(1.) One common question arises in all these second appeals and that is whether certain lands which were granted to the holders of two offices of swastivachakam and vedaparayanam are liable to contribution under Section 69 of the Madras Hindu Religious Endowments Act, Under that section: Every math or temple and every specific endowment attached to a math or temple shall pay annually for meeting the expenses of the Board such contribution not exceeding one and a half per-centum of its income as the Board may determine. And endowment is defined by Section 9(11) as meaning: all property belonging to, or given or endowed for the support of, maths or temples or for the performance of any service or charity connected therewith and includes the premises of maths or temples but does not include gifts of property made as personal gifts or offerings to the head of a math or to the archaka or other employee of a temple.
(2.) There is an observation of Curgenven, J., in Kotayya V/s. Tellamanda , to the effect that the definition of an endowment in Section 9 is wide enough to include properties which were given to the temple servants burdened with the performance of services connected with the temple. The learned Judge expressed his opinion on page 733 thus: An endowment includes (I am going to quote only the relevant portion) property given or endowed for the performance of any service connected with the temple . Ordinarily speaking the word endowment, I think, is restricted to property the title to which vests jn the institution endowed. But this definition is very wide and I am not prepared to say that a service inam held by a temple servant would not fall within it.

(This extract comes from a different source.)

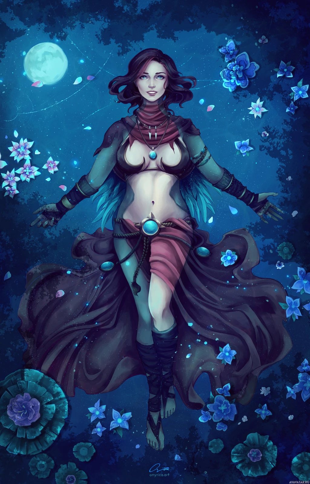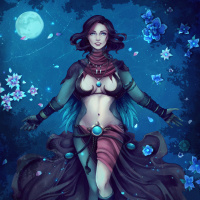 hints of blue and green, creating a mystical or underwater atmosphere. There are also elements like flowers and what appears to be a moon, contributing to

(3.) That this is mere obiter is shown by the fact that notwithstanding this expression of opinion, the learned Judge held that as the case before him arose under Section 44, which required a charge on the property and there was no charge in that case, no order could be passed under Section 44. Hence it is only an expression of opinion, though it be a strong expression of opinion. In the Hindu Religious Endowments Board, Madras V/s. Ghavali Vallayya S.A. No. 443 of 1943, the question arose directly for decision. That was a suit for contribution and the property involved was one which the learned Judge held was an archaka service inam and not a grant to the temple itself. Nevertheless, the learned Judge, Horwill, J., held that under Section 69, the property was liable to contribute. The learned Judge while referring to the definition of the expression "religious endowment"did not set out Section 9(11) in full but mentioned only this: All property.endowed for the support of maths or temples or for the performance of any service.connected therewith." and then expressed a strong view in favour of his conclusion and he relied upon the opinion of Curgenven, J., in the decision already referred to in Kotayya V/s. Yellamanda . Neither Judge referred to the last portion of the definition in Section 9 11) where it says that the endowment " does not include gifts of property made as personal gifts or offerings to the head of a math or to the archaka or other employee of a temple.